(Problem description): Please output exactly the part of the records below that opens with the line containing "学生在家长的教导下开笔" and closes with the line containing "the Import dialog.", both lines included, and nothing else.

(Given information):
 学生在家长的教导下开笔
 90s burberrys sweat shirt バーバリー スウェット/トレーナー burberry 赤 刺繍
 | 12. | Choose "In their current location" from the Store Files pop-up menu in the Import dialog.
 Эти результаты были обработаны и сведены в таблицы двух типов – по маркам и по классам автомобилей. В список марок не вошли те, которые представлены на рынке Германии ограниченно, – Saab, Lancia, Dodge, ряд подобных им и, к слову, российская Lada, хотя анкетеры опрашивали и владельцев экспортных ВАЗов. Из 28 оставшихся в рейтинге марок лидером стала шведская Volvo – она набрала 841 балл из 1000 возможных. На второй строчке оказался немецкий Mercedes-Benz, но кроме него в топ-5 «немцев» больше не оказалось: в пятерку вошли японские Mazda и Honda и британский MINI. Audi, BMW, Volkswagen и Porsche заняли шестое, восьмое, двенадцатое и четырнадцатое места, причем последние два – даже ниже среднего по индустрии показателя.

---

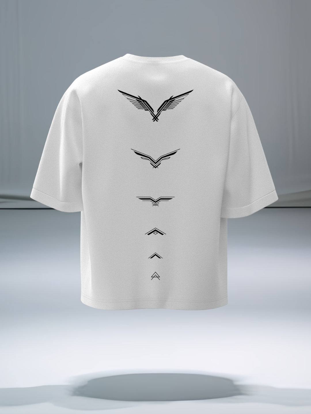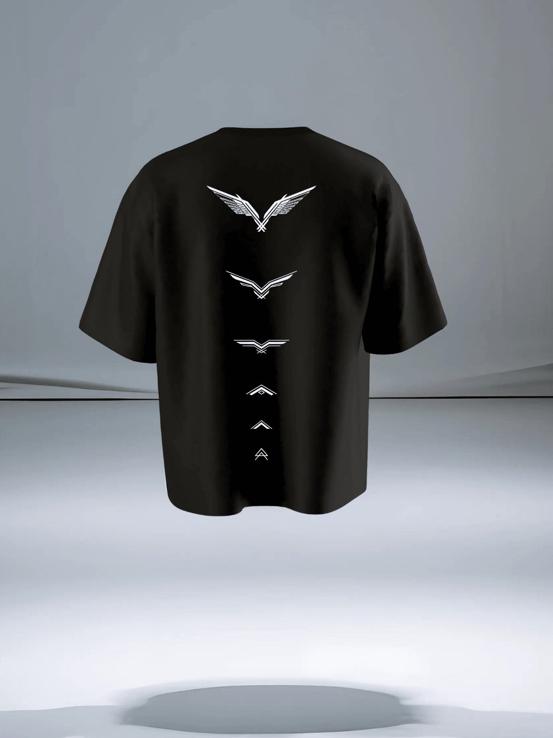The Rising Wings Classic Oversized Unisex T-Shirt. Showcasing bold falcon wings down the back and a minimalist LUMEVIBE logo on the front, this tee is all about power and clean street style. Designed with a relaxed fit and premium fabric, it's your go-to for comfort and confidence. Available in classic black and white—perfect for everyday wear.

==

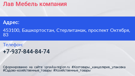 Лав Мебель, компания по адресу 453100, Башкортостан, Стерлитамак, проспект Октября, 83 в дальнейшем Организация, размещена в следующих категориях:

(Completed task):
 学生在家长的教导下开笔
 90s burberrys sweat shirt バーバリー スウェット/トレーナー burberry 赤 刺繍
 | 12. | Choose "In their current location" from the Store Files pop-up menu in the Import dialog.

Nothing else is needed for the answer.